The vocabularies are: Sequence Ontology (SO), In-House (term add to the GDR/CottonGen internal vocabularies).
Tables with an asterisk (*) are custom tables.
Figure 3Schematic diagram of how stocks are stored in Chado. Hierarchical stocks, from samples, cultivars to population are stored in samples and their relationship including pedigree are stored in stock_relationship table. The bold red fields represent foreign keys to the cvterm table which houses vocabulary terms. Boxes in dark green represents the modules of Chado represented in this diagram.
Figure 4Schematic diagram of how phenotypic data are stored in Chado. Datasets, such as passport data and cross data, which do not have associated phenotypic or genotypic data can also be stored in the nd_experiment table and linked to the stock table. The bold red fields represent foreign keys to the cvterm table which houses vocabulary terms. Boxes in dark green represents the modules of Chado represented in this diagram.
Figure 5Schematic diagram of how coded phenotypic values are stored in Chado. The same data can be stored in two different code system to enable comparison among datasets. The bold red fields represent foreign keys to the cvterm table which houses vocabulary terms.
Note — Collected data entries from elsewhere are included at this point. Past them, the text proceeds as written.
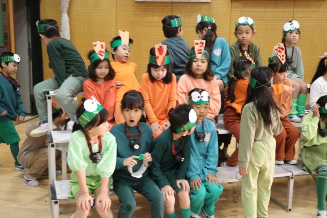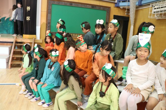 1年生の様子です。今日と明日、カメラマンさんが入ってくださり劇中のスナップ写真や劇後の学年写真を撮影しています。販売する予定ですのでお楽しみになさっていてください。
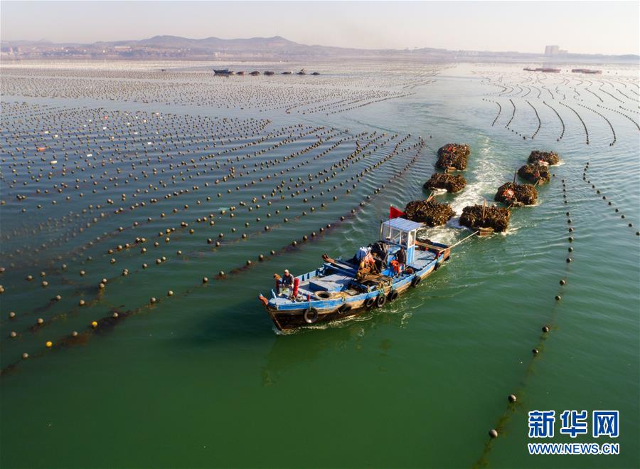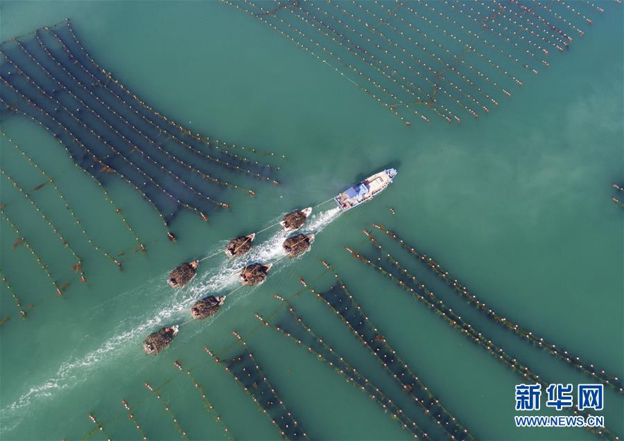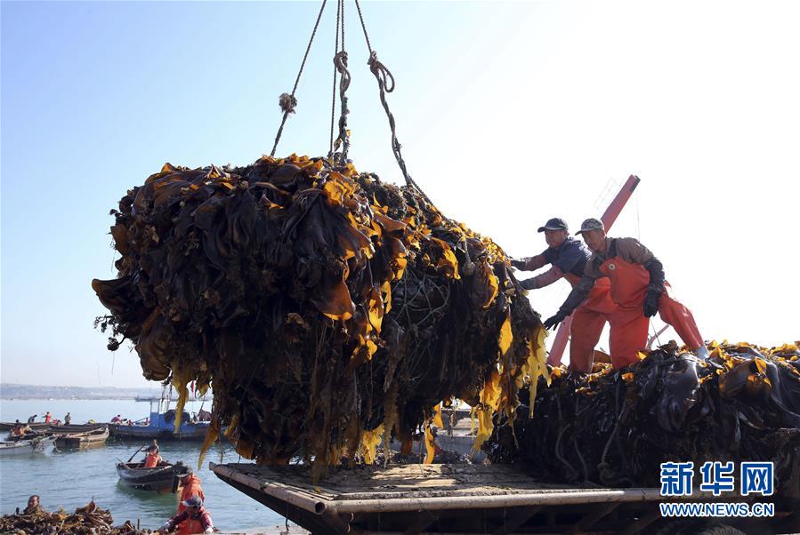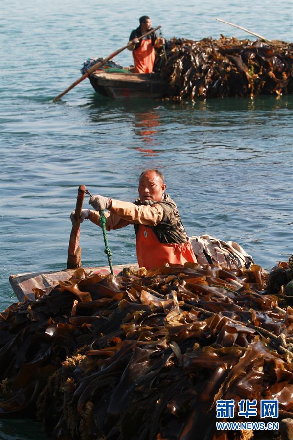 5月16日,在山东荣成一处海带养殖区,养殖工人收割海带。眼下,山东省荣成市各海带养殖企业正抓紧收割海带,沿海养殖区一派繁忙景象。 新华社发(王福东 摄)
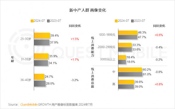 数据显示,2024年,新中产人群年龄结构持续年轻化,25岁到30岁之间人群占比接近4成,31岁到35岁人群也突破35.9%。
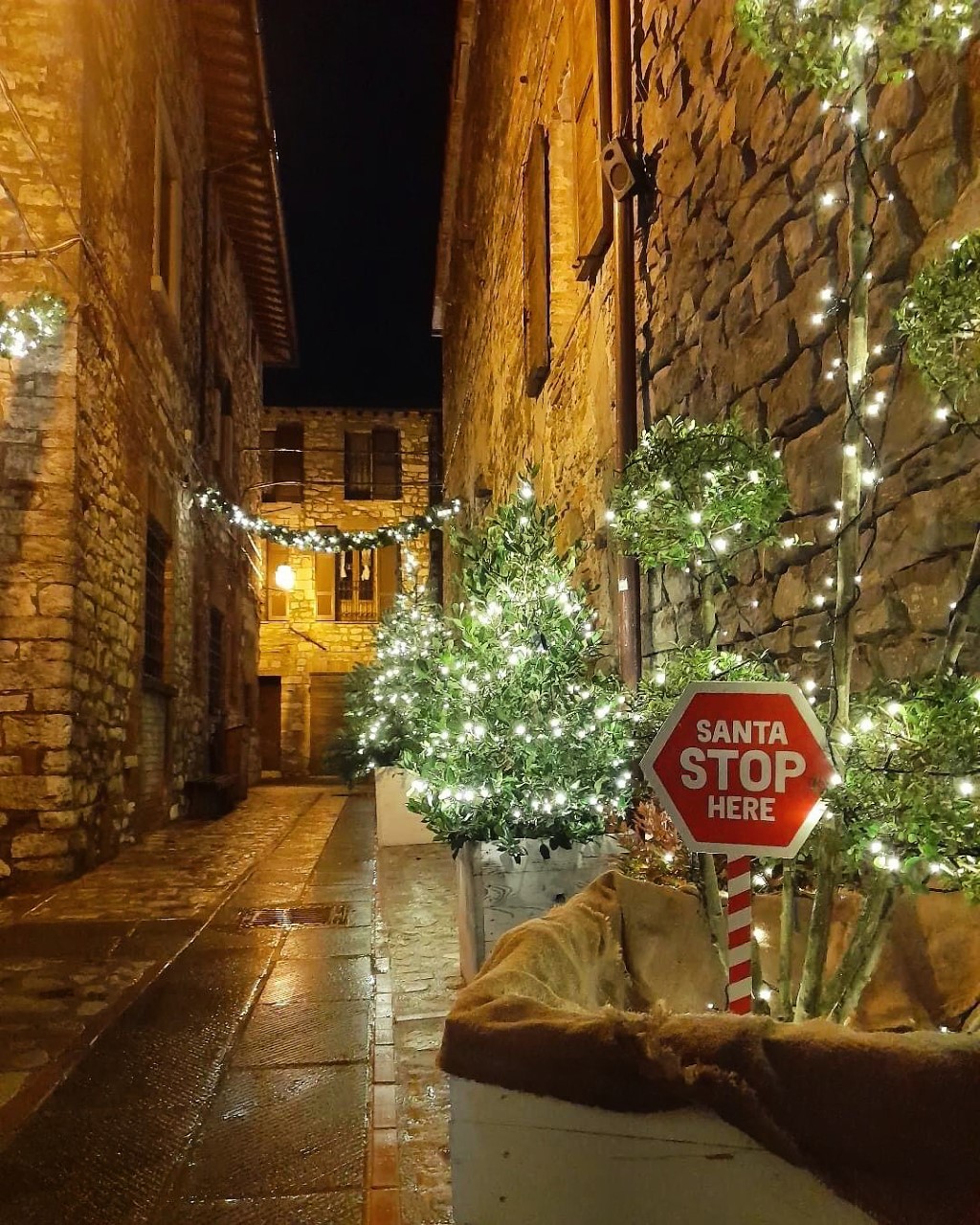 Monte Castello di Vibio si trasforma in un vero e proprio paese del Natale. Strade, piazze e vicoli si accenderanno di luci e magia: la Casa di Babbo Natale, la tana del Grinch, la Casa della Befana con profumi di dolci e carbone buono. Cento alberi di Natale in strada invitano a una caccia al tesoro luminosa. Spettacoli: trampolieri, un piccolo circo itinerante, una parata Disney, zampognari e street band. Laboratori creativi, magia e la tradizionale discesa della Befana dalla Torre di Porta di Maggio.
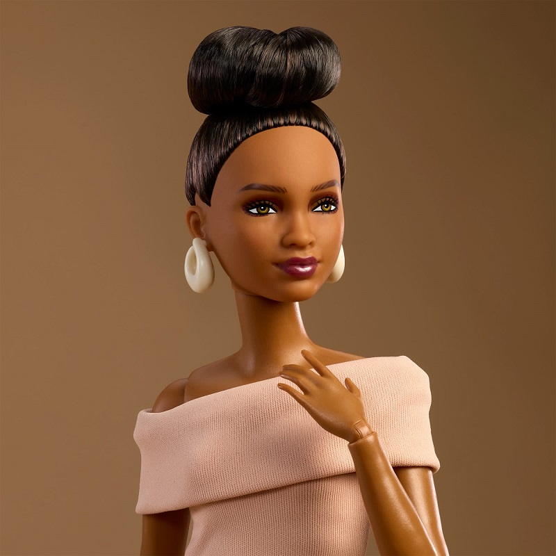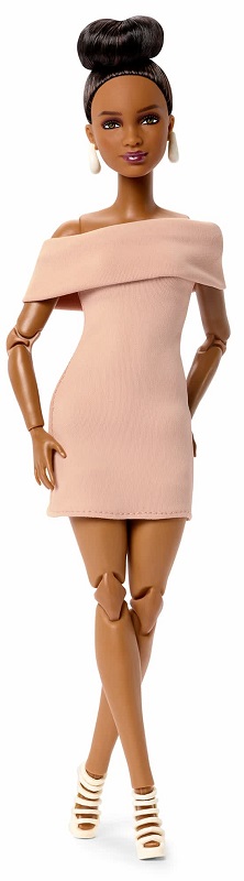 Базовая Барби (нейтральный цвет) №8 демонстрирует шикарный минимализм в элегантном коричневом платье с эффектным вырезом и кремовых туфлях на каблуках с ремешками. Ее темные волосы, уложенные в высокую прическу, подчеркивают массивные кремовые серьги.
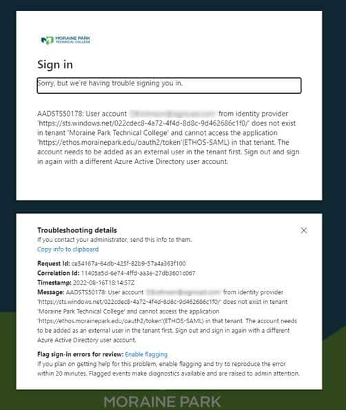 This error occurs when you are logged in to Office365 with your personal account and attempting to access a Moraine Park site that require you to be logged in with your MPTC student account. To fix this, you have a couple of different options:
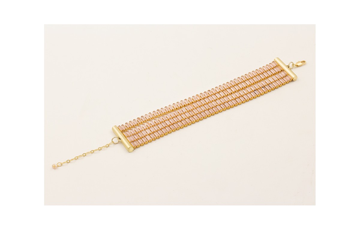 Pulsera 4 vueltas cadena de strass rectangular color rosa.
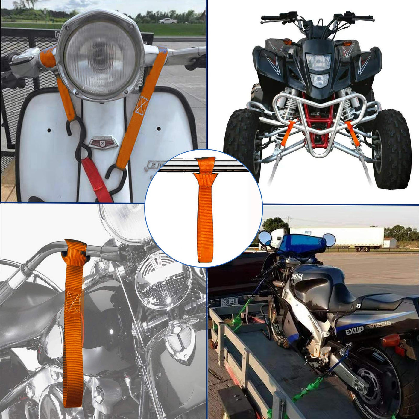 Q: What types of vehicles can I use these straps on?A: You can use these straps on motorcycles, scooters, dirt bikes, wheelchairs, and other similar vehicles.
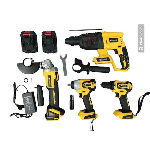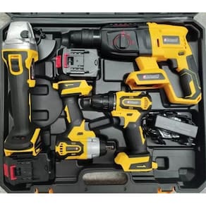 Itens inclusos: 1 - martelete dch 1 - parafusadeira de impacto 1 - parafusadeira 1 - esmerilhadeira a bateria 4.1/2 1 - bateria de 5ah 38v max 1 - bateria de 2ah 38v 1 - carregador bivolt 1 - maleta - chaves de troca - punhos emborrachados
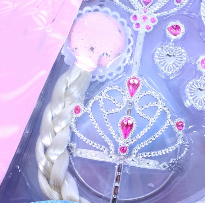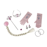 Exkluzivní dětská sada pro malé princezny obsahuje korunku, náušnice, prstýnky, kouzelnou hůlku, náramky a rukavice, doplněné o dlouhý blond cop. Ideální ke kostýmu, na karneval i na hraní doma. Doporučeno pro děvčata od 3 let.
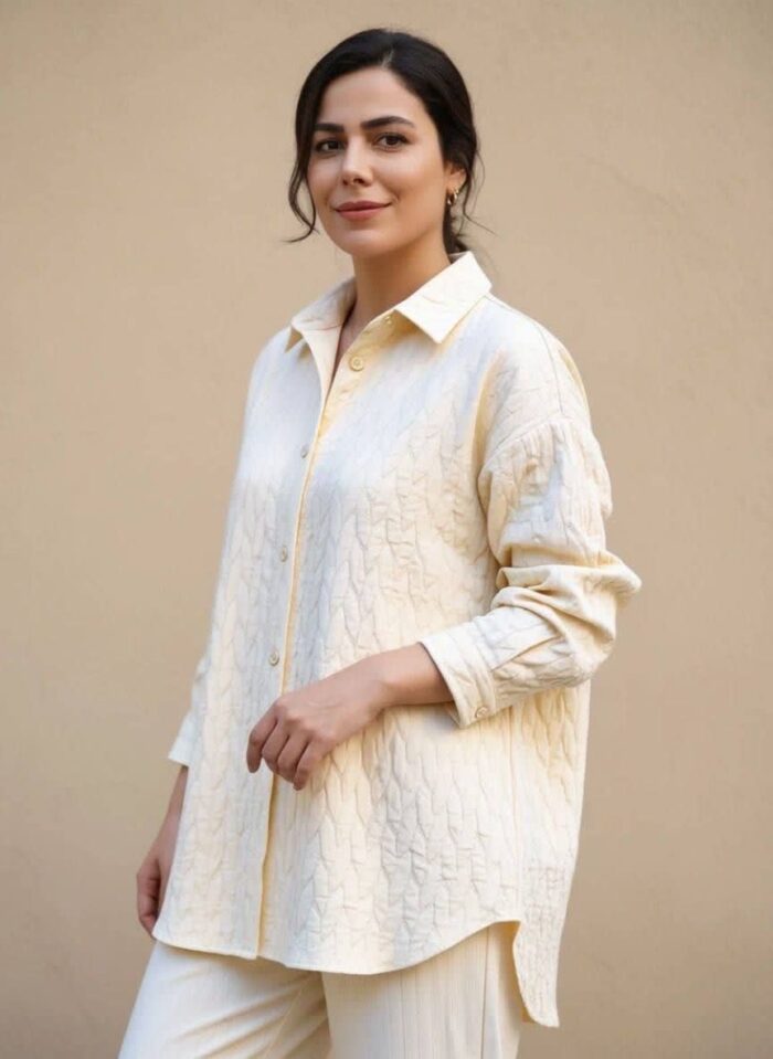شکت فریال با طراحی ساده و پارچه خاص خودش، انتخابی مینیمال و شیک برای روزهای خنک پاییزی است. بافت لطیف و سبک پارچه باعث میشود حس آزاد و راحتی در طول روز داشته باشید، در حالیکه فرم آزاد آن برای استایلهای روزمره یا نیمهرسمی کاملاً مناسب است.
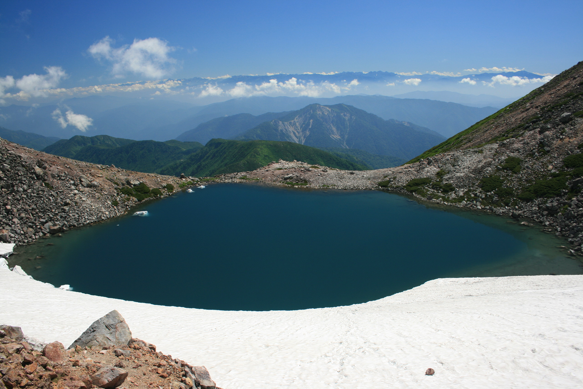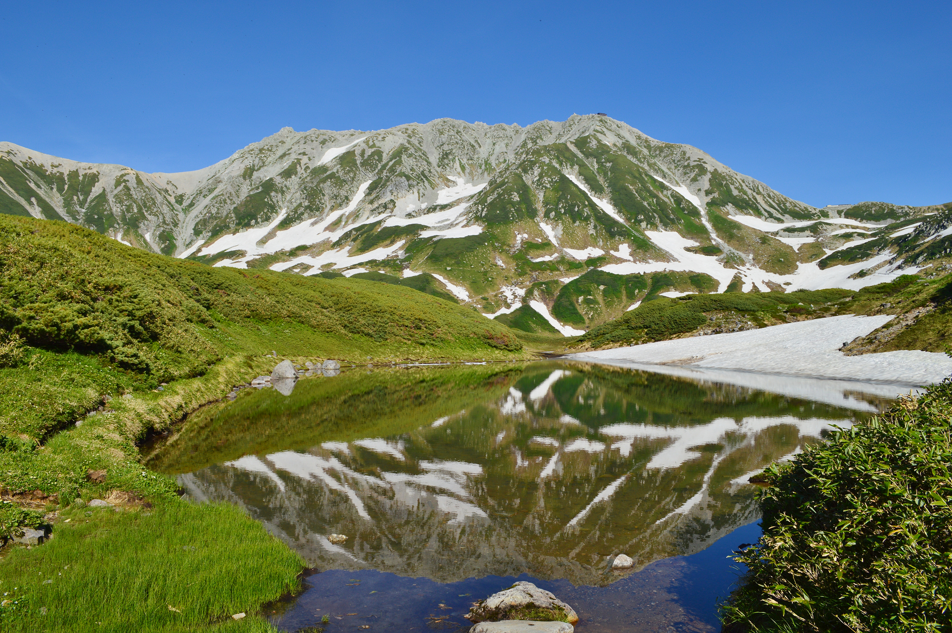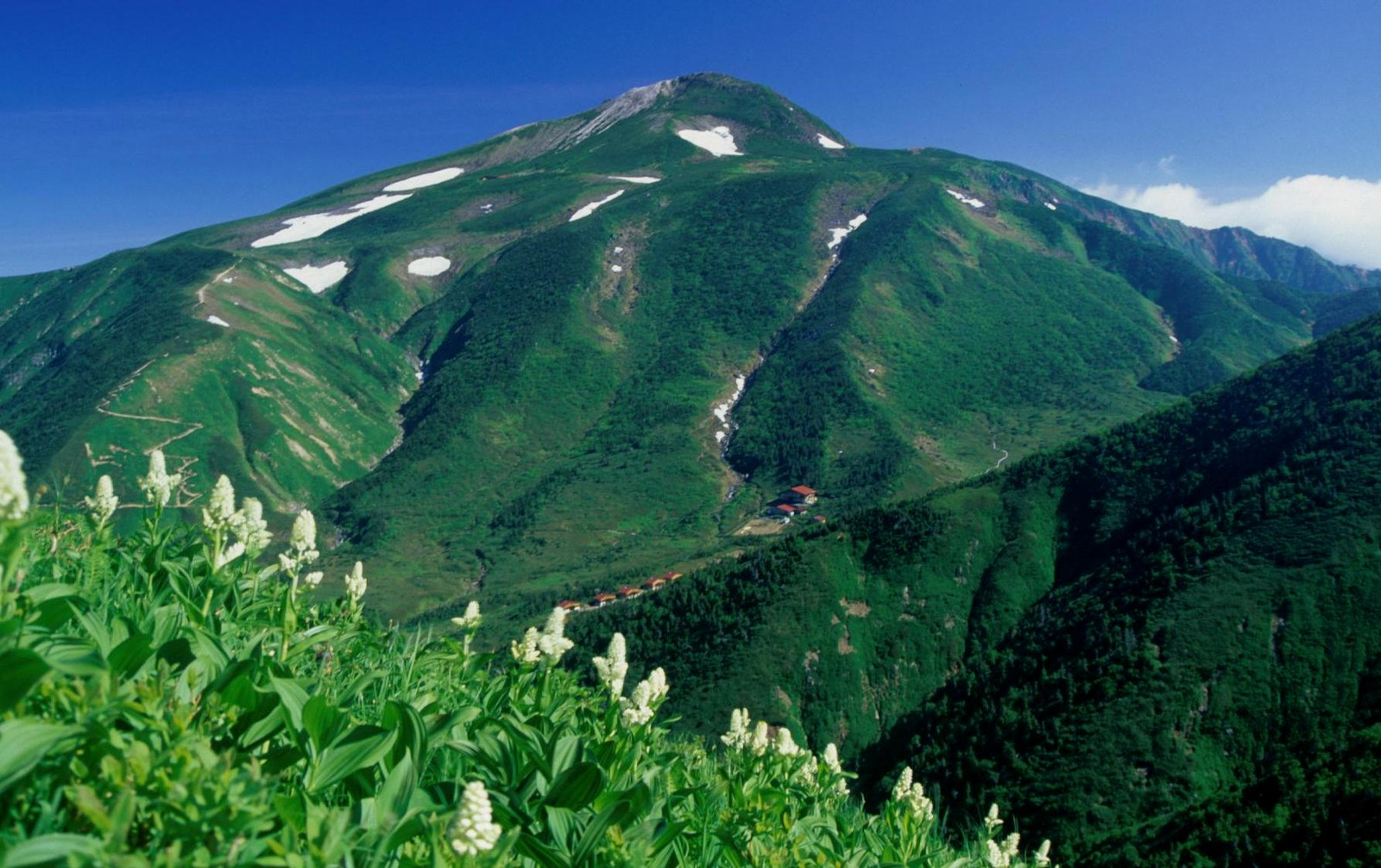 The mountain’s tallest peak, Gozenga-mine (御前峰), is the one that gives the mountain its height of 2,702 m (8,865 ft). Along with Ken-ga-mine (剣ヶ峰), which is 2,677 m (8,783 ft), and Ōnanji-mine (大汝峰), which is 2,648 m (8,688 ft), the three peaks are considered “Mount Haku’s Three Peaks” (白山三峰 Hakusan San-mine). Mount Bessan and Mount Sannomine are sometimes included and called “Mount Haku’s Five Peaks” (白山五峰 Hakusan go-mine).
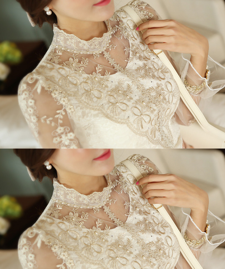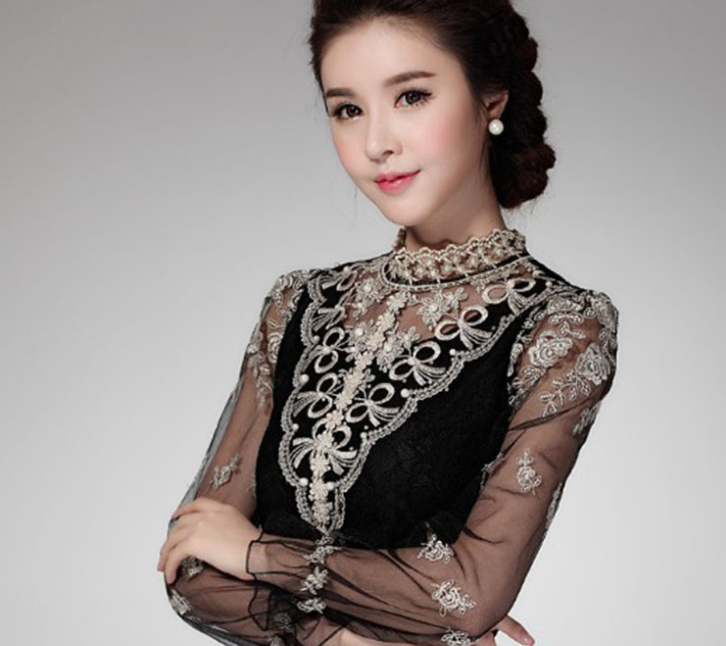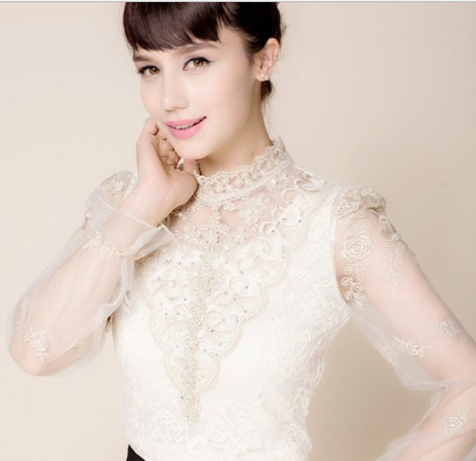 Mesh bottoming shirt women's long-sleeved lace new autumn stand collar blouse lace top Slim

Boxes in dark green represents the modules of Chado represented in this diagram.
Figure 6Schematic diagram of how genotypic data are stored in Chado. The bold red fields represent foreign keys to the cvterm table which houses vocabulary terms. Boxes in dark green represents the modules of Chado represented in this diagram.
Figure 7Schematic diagram of how relationship between genotype and phenotype is stored in Chado. The bold red fields represent foreign keys to the cvterm table which houses vocabulary terms. Boxes in dark green represents the modules of Chado represented in this diagram.